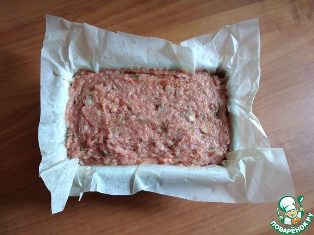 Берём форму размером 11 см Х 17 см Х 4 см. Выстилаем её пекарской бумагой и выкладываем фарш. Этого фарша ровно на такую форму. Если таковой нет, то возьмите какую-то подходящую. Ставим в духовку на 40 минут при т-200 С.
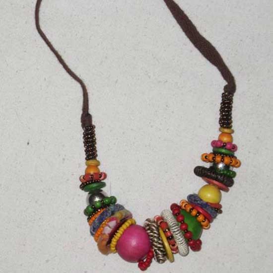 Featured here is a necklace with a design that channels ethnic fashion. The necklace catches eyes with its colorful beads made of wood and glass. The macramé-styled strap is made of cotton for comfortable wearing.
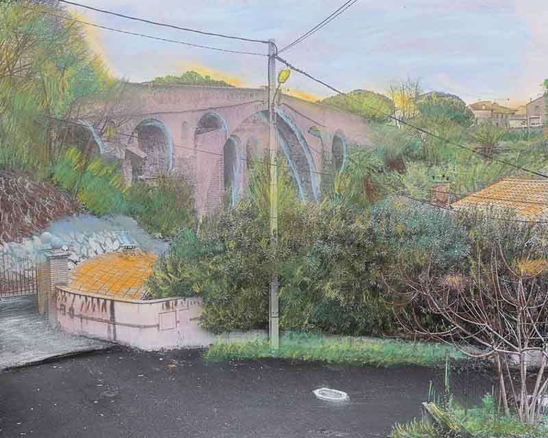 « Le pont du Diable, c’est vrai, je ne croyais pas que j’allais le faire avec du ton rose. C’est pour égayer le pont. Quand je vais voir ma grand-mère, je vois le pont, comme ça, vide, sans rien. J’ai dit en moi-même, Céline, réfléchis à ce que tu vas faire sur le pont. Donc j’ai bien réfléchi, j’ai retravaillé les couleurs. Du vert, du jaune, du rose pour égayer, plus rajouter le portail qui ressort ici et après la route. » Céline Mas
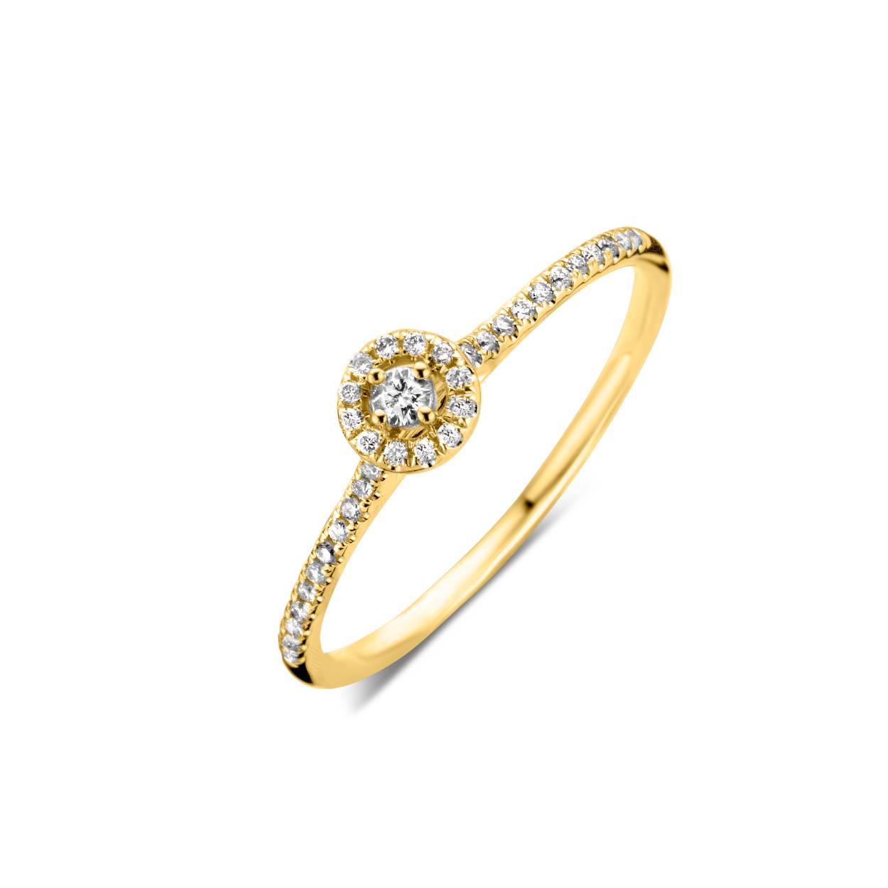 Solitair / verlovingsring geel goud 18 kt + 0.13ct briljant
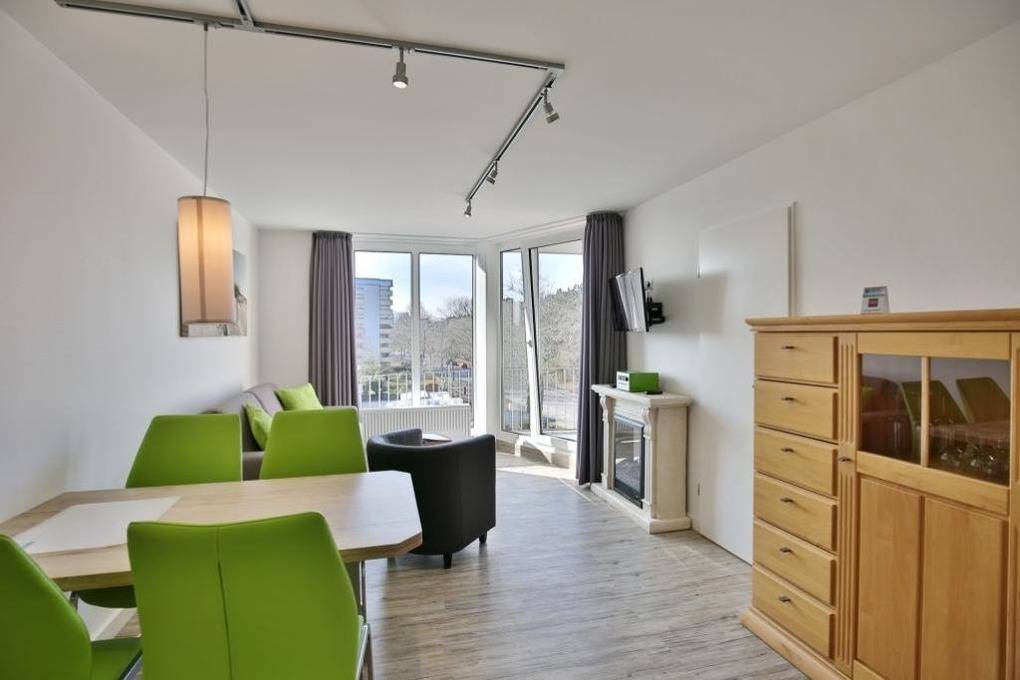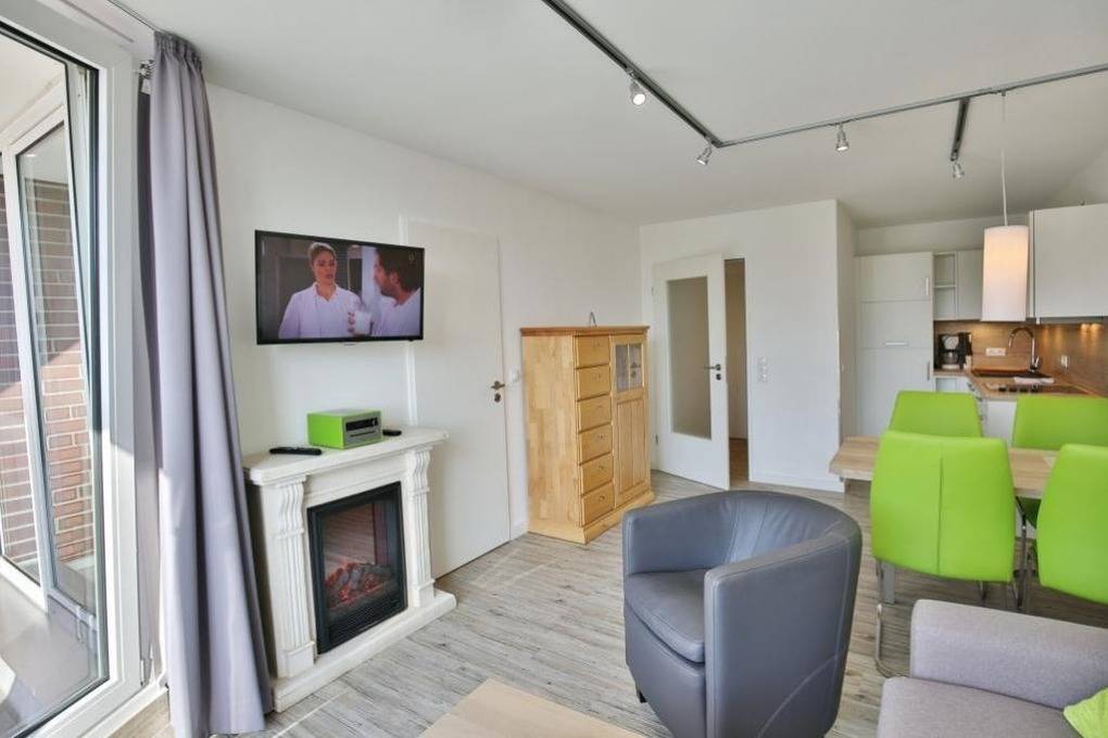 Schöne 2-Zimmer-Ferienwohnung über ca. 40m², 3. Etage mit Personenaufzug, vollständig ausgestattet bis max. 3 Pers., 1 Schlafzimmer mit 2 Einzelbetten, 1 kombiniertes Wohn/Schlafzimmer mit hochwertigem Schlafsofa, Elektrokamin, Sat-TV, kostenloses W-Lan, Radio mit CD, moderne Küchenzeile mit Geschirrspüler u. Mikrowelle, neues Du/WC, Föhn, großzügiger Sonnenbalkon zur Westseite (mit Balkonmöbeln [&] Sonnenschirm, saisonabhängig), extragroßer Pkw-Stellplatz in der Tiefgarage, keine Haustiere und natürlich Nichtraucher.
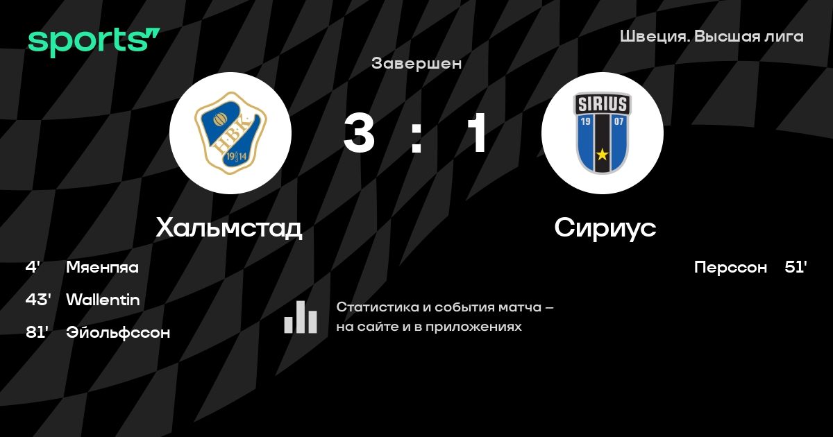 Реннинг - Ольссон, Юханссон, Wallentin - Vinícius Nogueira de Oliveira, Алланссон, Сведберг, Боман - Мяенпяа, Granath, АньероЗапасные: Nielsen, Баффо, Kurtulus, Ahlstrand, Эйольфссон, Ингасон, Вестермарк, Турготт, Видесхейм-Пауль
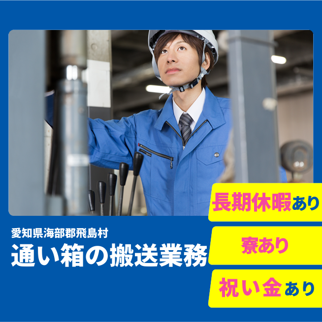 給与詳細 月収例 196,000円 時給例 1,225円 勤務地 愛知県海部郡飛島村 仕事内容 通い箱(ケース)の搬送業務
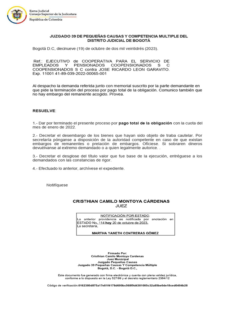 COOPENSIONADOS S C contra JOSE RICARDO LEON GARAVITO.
+ + + + + + +
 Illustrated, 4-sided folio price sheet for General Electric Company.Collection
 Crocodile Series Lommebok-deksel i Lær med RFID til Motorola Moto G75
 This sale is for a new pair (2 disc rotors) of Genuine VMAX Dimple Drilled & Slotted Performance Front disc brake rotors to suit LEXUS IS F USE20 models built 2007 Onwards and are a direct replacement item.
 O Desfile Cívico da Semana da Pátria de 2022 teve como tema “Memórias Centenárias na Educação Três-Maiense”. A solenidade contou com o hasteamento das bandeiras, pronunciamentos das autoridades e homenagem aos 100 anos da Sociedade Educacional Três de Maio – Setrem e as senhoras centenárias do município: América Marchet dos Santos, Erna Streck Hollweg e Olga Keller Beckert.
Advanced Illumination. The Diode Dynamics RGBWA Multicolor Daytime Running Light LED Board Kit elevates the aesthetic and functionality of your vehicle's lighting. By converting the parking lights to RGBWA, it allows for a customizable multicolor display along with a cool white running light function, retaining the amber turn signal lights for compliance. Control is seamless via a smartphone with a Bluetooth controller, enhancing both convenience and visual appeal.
+ + + + + + +
_INSTRUCTIONS FOR THE TASK_. Return exactly the lines that appear in the data above between the line containing "Берём форму размером" and the line containing "Schöne 2-Zimmer-Ferienwohnung über", both of which are included, and leave the pictures out.

_EXPECTED ANSWER_.
 Берём форму размером 11 см Х 17 см Х 4 см. Выстилаем её пекарской бумагой и выкладываем фарш. Этого фарша ровно на такую форму. Если таковой нет, то возьмите какую-то подходящую. Ставим в духовку на 40 минут при т-200 С.
 Featured here is a necklace with a design that channels ethnic fashion. The necklace catches eyes with its colorful beads made of wood and glass. The macramé-styled strap is made of cotton for comfortable wearing.
 « Le pont du Diable, c’est vrai, je ne croyais pas que j’allais le faire avec du ton rose. C’est pour égayer le pont. Quand je vais voir ma grand-mère, je vois le pont, comme ça, vide, sans rien. J’ai dit en moi-même, Céline, réfléchis à ce que tu vas faire sur le pont. Donc j’ai bien réfléchi, j’ai retravaillé les couleurs. Du vert, du jaune, du rose pour égayer, plus rajouter le portail qui ressort ici et après la route. » Céline Mas
 Solitair / verlovingsring geel goud 18 kt + 0.13ct briljant
 Schöne 2-Zimmer-Ferienwohnung über ca. 40m², 3. Etage mit Personenaufzug, vollständig ausgestattet bis max. 3 Pers., 1 Schlafzimmer mit 2 Einzelbetten, 1 kombiniertes Wohn/Schlafzimmer mit hochwertigem Schlafsofa, Elektrokamin, Sat-TV, kostenloses W-Lan, Radio mit CD, moderne Küchenzeile mit Geschirrspüler u. Mikrowelle, neues Du/WC, Föhn, großzügiger Sonnenbalkon zur Westseite (mit Balkonmöbeln [&] Sonnenschirm, saisonabhängig), extragroßer Pkw-Stellplatz in der Tiefgarage, keine Haustiere und natürlich Nichtraucher.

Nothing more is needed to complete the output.